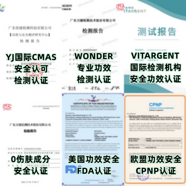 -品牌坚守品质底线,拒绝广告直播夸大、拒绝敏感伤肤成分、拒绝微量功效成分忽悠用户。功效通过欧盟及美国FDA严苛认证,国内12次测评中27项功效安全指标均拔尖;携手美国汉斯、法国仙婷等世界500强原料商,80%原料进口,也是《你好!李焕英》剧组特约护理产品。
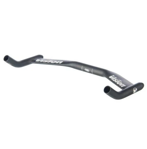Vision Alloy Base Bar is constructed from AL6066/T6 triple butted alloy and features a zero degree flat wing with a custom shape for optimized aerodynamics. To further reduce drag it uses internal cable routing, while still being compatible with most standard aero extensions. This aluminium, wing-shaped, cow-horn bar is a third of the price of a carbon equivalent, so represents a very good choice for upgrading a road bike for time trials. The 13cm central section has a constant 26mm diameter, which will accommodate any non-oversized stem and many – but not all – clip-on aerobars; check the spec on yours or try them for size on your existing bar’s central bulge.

########################################

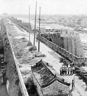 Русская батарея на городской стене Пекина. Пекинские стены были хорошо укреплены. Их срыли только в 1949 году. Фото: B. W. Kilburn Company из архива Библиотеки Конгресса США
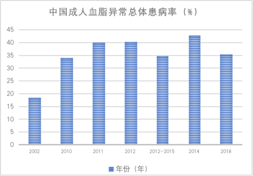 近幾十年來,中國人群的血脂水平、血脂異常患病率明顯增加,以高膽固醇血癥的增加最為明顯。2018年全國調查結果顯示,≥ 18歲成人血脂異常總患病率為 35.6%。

########################################

Requirement: The output is the stretch above from the line with "-品牌坚守品质底线,拒绝广告" through the line with "Vision Alloy Base", copied word for word with both ends kept and every picture dropped.

Your solution:
 -品牌坚守品质底线,拒绝广告直播夸大、拒绝敏感伤肤成分、拒绝微量功效成分忽悠用户。功效通过欧盟及美国FDA严苛认证,国内12次测评中27项功效安全指标均拔尖;携手美国汉斯、法国仙婷等世界500强原料商,80%原料进口,也是《你好!李焕英》剧组特约护理产品。
Vision Alloy Base Bar is constructed from AL6066/T6 triple butted alloy and features a zero degree flat wing with a custom shape for optimized aerodynamics. To further reduce drag it uses internal cable routing, while still being compatible with most standard aero extensions. This aluminium, wing-shaped, cow-horn bar is a third of the price of a carbon equivalent, so represents a very good choice for upgrading a road bike for time trials. The 13cm central section has a constant 26mm diameter, which will accommodate any non-oversized stem and many – but not all – clip-on aerobars; check the spec on yours or try them for size on your existing bar’s central bulge.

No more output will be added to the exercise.